Marxuach called the 0.7% projection is “highly optimistic” considering the 16.5% unemployment rate that would increase even further if the government moves forward with another round of layoffs. If the administration reduces its workforce by another 40,000, he said Puerto Rico’s unemployment rate would surge to 19.5%.

Conversely, Garcia said the Planning Board estimates takes into account the anticipated jolt the island will receive through the American Recovery and Reinvestment Act and the commonwealth’s own $500 million local stimulus plan.

“The reason for the expected slight growth is due to the significant amount of investment,” Garcia said in an interview. “Puerto Rico has already been able to achieve allocated funds in the federal stimulus of over $6 billion and we’re calibrating every month the money we expect to be expended, and we’re revising it on a monthly basis. We’re expecting that in October, November and December, we should be getting some significant inroads in terms of that money and that is what it reflects.”

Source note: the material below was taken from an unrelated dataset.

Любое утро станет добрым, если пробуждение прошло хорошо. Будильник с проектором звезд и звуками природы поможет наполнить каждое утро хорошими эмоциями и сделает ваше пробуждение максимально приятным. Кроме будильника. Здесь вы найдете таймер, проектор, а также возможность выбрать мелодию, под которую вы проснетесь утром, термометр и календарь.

In addition to federal stimulus funds, Puerto Rico is moving ahead with infusing private capital into its infrastructure, and officials aim to have three public-private projects underway by June.

The newly formed Puerto Rico Public Private Partnerships Authority will spearhead P3 projects on the island, and will consider 30 developments, including upgrades and improvements in transportation, renewable energy, and clean water. The GDB will host a P3 conference in San Juan on Oct. 15 and Oct. 16 to educate and inform prospective investors.

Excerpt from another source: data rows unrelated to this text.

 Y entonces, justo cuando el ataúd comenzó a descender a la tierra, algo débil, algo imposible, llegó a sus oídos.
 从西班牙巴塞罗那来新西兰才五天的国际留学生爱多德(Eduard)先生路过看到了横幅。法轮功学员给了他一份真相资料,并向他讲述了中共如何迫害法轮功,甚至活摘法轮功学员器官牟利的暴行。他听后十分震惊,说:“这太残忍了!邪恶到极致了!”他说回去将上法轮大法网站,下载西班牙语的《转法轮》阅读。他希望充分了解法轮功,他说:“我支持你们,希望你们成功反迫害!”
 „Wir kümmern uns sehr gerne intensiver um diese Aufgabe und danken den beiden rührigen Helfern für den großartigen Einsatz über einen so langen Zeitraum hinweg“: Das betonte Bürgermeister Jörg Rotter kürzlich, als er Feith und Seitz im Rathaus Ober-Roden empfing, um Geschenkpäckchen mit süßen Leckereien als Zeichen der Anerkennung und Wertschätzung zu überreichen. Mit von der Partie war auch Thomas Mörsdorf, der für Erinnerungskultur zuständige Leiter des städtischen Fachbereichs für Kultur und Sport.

“What we want is to try to have as least three of those projects already running by the first half of next year — whichever are the three that can move the fastest and whichever are the three that create the greatest interest of investors,” Garcia said.

More private investment on the island would assist Puerto Rico once the federal stimulus funds are gone and help alleviate the need for public borrowing to support capital projects.

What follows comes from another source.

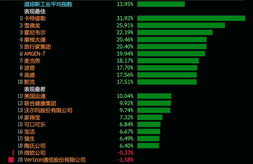 Of the 30 companies in the Dow, only$Microsoft(MSFT)$And$Verizon(VZ)$ have negative returns.
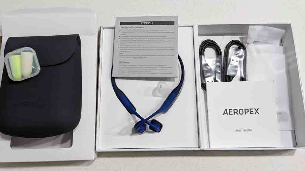 Package contents of the AfterShockz Aeropex wireless bone conduction headphones.

Jose Perez-Riera, secretary of the Department of Economic Development and Commerce, said making the island’s permitting process less cumbersome and more expedient will assist in creating more business growth. The House passed a bill to reform the current permitting system and officials expect the Senate to take up the measure in September.

Like Garcia, Perez-Riera attributes the slight GNP uptick to stimulus funds, but expects the administration’s overall economic reform initiatives and faster permitting process will aid Puerto Rico once the federal stimulus spigot is closed.

“Obviously [the stimulus] doesn’t fix the problem long term, it just creates an environment where people start doing business and are re-engaging in the economy,” he said. “What we need to do is to make sure that we take advantage of that wave that we’re going to be receiving so that we do the reforms that have to take place, so that once that money has cycled through the economy we’re in a position to maintain that growth.”